I thought that the proper way was to setup a new model in the DX6i, call it "simulator" or etc. and then do all the programming setup in the Phoenix simulator. Can anyone shed some light on this for me or point me to the right thread? Thanks.
Like it's been said, it is somewhat up to personal preference, but here are some guidelines that can help you decide.

For a quick start, create a blank, all-default, 1-servo heli model in your real transmitter, and as you said, call it SIM or something. If you want to fly inverted, then you'll need to also add in a V-shaped throttle curve for idle-up / stunt mode, as I believe there is none in the default blank model. Also nice to program the Throttle Hold switch to set throttle to zero, if you have that. You'll have to do the calibration step inside Phoenix RC. Now this SIM transmitter model can be used for simming pretty much everything and anything inside Phoenix without any adjustments to the transmitter. Just pick your model inside Phoenix and fly planes, helis, whatever. Inside Phoenix you can tweak the Phoenix transmitter setup a little and of course each individual model can be finely tuned.

Other folks like to just fly only a single model in Phoenix and really go for matching the Phoenix model to their heli's exact feel. In this case it might make sense to have a Transmitter model that starts with whatever they are using for their real heli. Keep in mind, this might make it difficult to fly other models in the sim.
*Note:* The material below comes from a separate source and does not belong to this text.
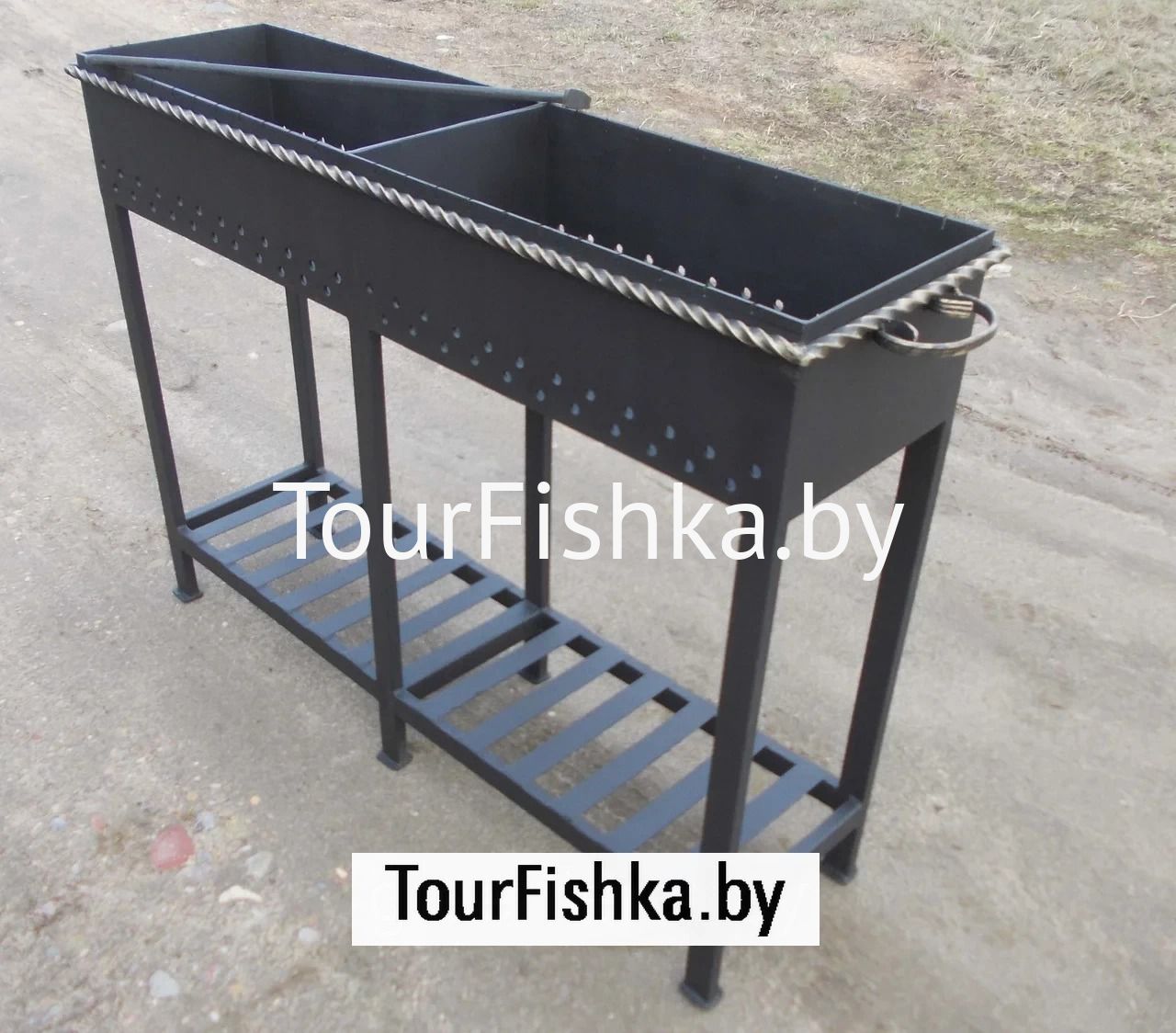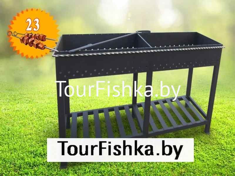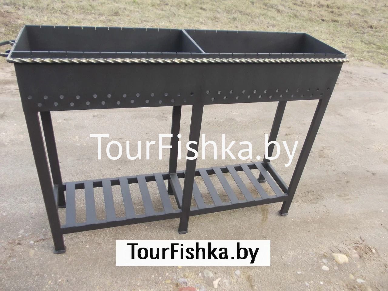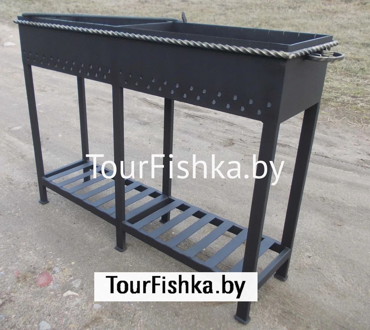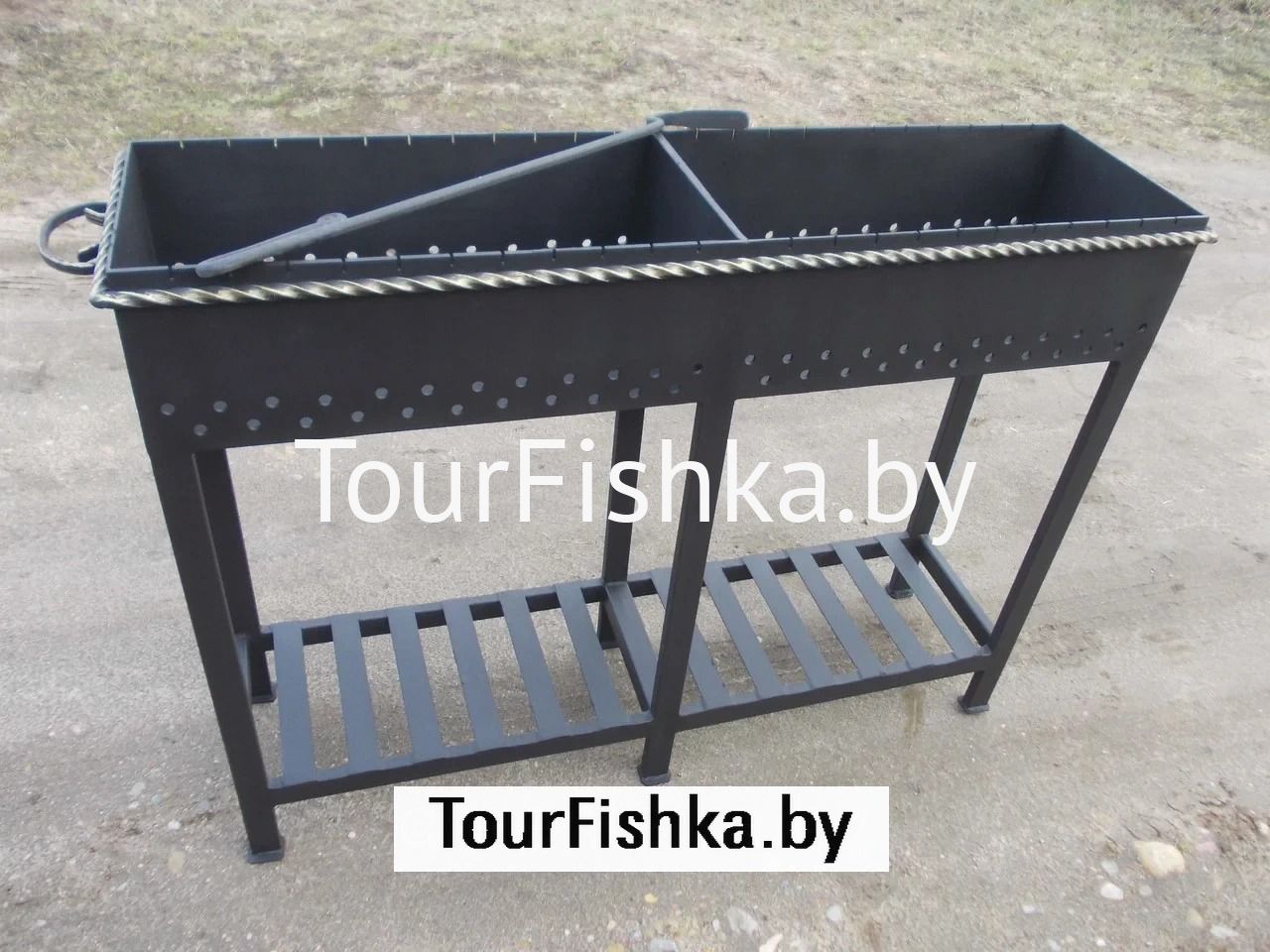 Кованый двухсекционный мангал - это вместительный и удобный мангал для большой семьи с дровницей - нижняя полка для дров, угля. Длина мангала - 120 см. Разделен на две части перегородкой. Одновременно на таком мангале могут жариться до 23 шампуров с шашлыком! Наличие перегородки, разделяющей мангал на две части, позволяет готовить в двух частях мангала разные продукты, не смешивая их запахи и вкусы. Или же при приготовлении использовать лишь половину мангала, если продуктов не много.

It is generally recognized that Phoenix does not emulate the small / micro helis very well and it is fairly a waste of time to spend very much time tuning Phoenix or your Tx to emulate an mCPX accurately. Honestly, from someone who has spent a lot of time in the simulator, you are going to learn a lot faster and the skills will transfer better if you use Phoenix with the larger models.

Really. Practice with the Trex 700 (or similar size (at least 500 size) in Phoenix to get your basic skills down. The knowledge *will* transfer well to flying your real mCPX. Reallly. I kid you not. Flying the mCPX inside Phoenix is not going to help you as much.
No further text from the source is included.